About Pam Nowell
I have been a full time working Potter making ceramics, selling and teaching for over 30 years. I had just moved to Portland Maine and I knew no one. My wonderful landlady, Lisa Bonarrigo, asked if I would like to help her out by taking a wheel throwing class she was teaching. I was her first student. Lisa eventually went on to buy what is now Portland Pottery. During this time in my life, it never occurred to me at that time that I would be a working artist. Art had no presence in my life up to that point. Rural Maine in the 1970’s, where I had spent my teen age years, had a very different atmosphere. So off I went with no expectation in mind. The moment I opened that first box of clay, took in the wonderful earthy smell and squished it between my fingers, I knew this was something special! I went home that day and for the very first time in my life I declared that I wanted to be a potter. For me, it was that simple. I continued taking classes with Lisa until I moved to Nashua NH in 1986. I found the Nashua Center for the Arts and I took more classes. I found ways to learn even when I had no money for classes. I pestered people and worked hard to learn how to become a better potter. I never wavered in knowing this was the right path for me. I had an unquenchable passion for making work, being with the community of fellow dirt lovers, and finding homes for these precious, hard won pots.
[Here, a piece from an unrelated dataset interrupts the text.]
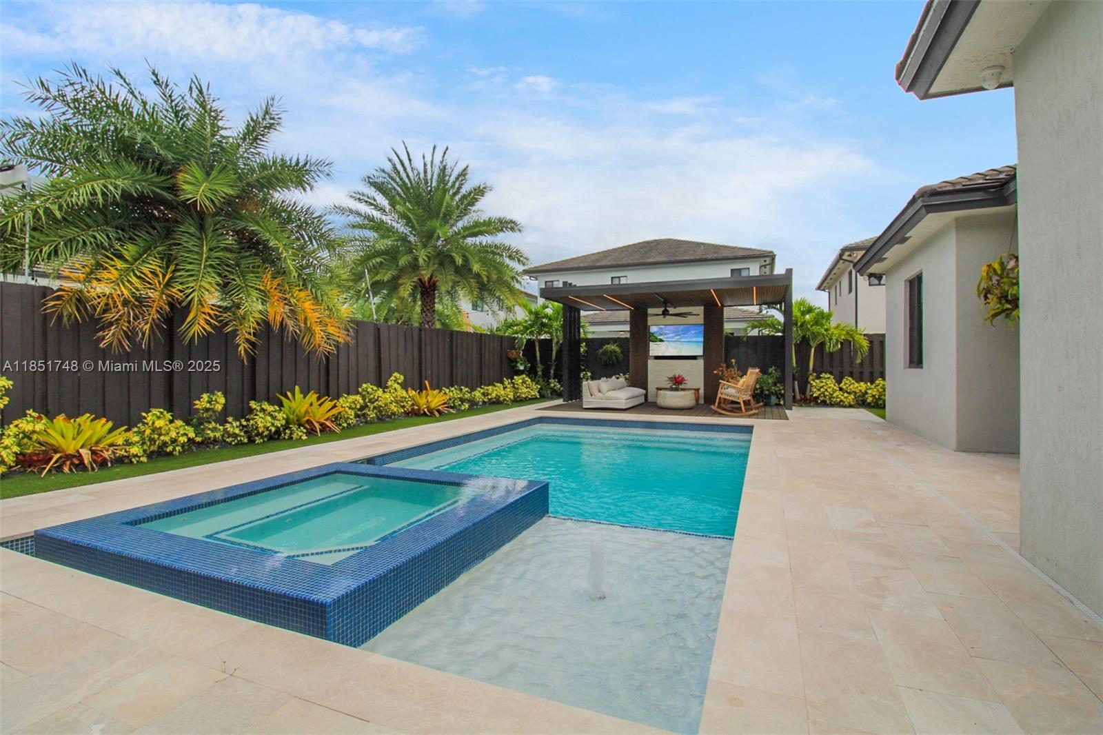 Most Beautiful 1 Story Property 5 Bedrooms, 3 Baths, 2 Car garage. Split Open floor plan Custom Built Home. 24 X 48 Tiles Throughout. 4 ft X 8 ft Bathroom Tiles, Impact Windows and Doors. Stainless Steel Appliances, Quartz Counter tops, 4 ft X 8 ft Kitchen Island, High Volume Ceilings, Covered Terrace with Concrete wall. Fenced Yard, Surveillance Cameras, Alarm. Backyard Has a New Pool With Infinity Jacuzzi. Cantilevered Aluminum Pergola Custom Design That Allows more unobstructed area to walk freely.. Pergola Comes with Led Lighting, Backdrop Dekton Marble Slab With Tv. Sonos Surround Sound System. Lot Size (55 X 140 7800 Sqft) 5 ft one side and 10 ft on the other side, Aluminum Gates. Room for Boat, Rv and Work Trailer. Won’t Last Must Come See… No Association!

I loved the shared struggle to get that cylinder to raise up thin and even. In this, I discovered I also had a gift for teaching those around me. I worked, learned and taught how to make pottery, how to put on shows, how to promote myself, and how to help others do the same. It gave me great pleasure to be of service to my fellow potters, artists and musicians. I created Mudworks Pottery Studio and furthered my career, never really thinking of myself as doing so. I was looking to teach and work in my own studio. My journey as an artist has been more of discovery, curiosity and unfolded opportunities then a formal education. Most of all, I was helped by a very generous community.
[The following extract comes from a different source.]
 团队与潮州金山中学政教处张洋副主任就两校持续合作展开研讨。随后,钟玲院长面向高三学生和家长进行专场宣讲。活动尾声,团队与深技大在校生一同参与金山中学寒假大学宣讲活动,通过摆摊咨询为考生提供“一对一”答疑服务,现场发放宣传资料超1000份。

I live my life with a deep love and respect for this world we live in. I realized early on I wanted to create work that was both useful and beautiful, giving beauty to the everyday living of our lives. To do that, I had to learn to know myself as an artist in order to access fully what I had to offer. In doing so, it has mapped my creative world. It takes great courage to face one’s self, to peel off the layers of what I thought was worthy based on what everyone told me was “true “. I learned that nurturing and growing who I really am brings me a sense of authenticity both in my personal life and my professional career. For me, this is not about perfection. I see perfection as an unreachable goal always just beyond my touch. This idea of perfection hinders my work. I was always left unsatisfied with what I had made.
In learning to be authentic, I discovered joy in the beauty of the moment of creation, surrender to the nature of the elements as well as accessing the co-creating qualities of a firing. I made better work and was a happy well-adjusted person. I learned being authentic in my work was what I had to bring to that table of creation. The elements have their own nature and co-creating with the elements takes presence and respect. Authenticity has brought me to loving where I am in each moment. My work reflects those qualities. Pots that work are moved onto those who are drawn to them and pots that do not work are gifts to be learned from. Each time I work in this way, I connect to a deep well of joy. In order to develop these skills of being an authentic potter, I needed an awful lot of mentoring. I have been incredibly fortunate to have had magnificent mentors in my life. Rev. Dr. Stephanie Rutt, Rev. Jan Grossman, Kevin Dadoly, John Baymore and so many more. They helped me access the inner and outer tools necessary in the process of becoming an authentic person, a better potter and a successful business woman. They are the wise ones who have gone before me, who have done the work both physically, emotionally and spiritually. Now I am able to give that back to the world.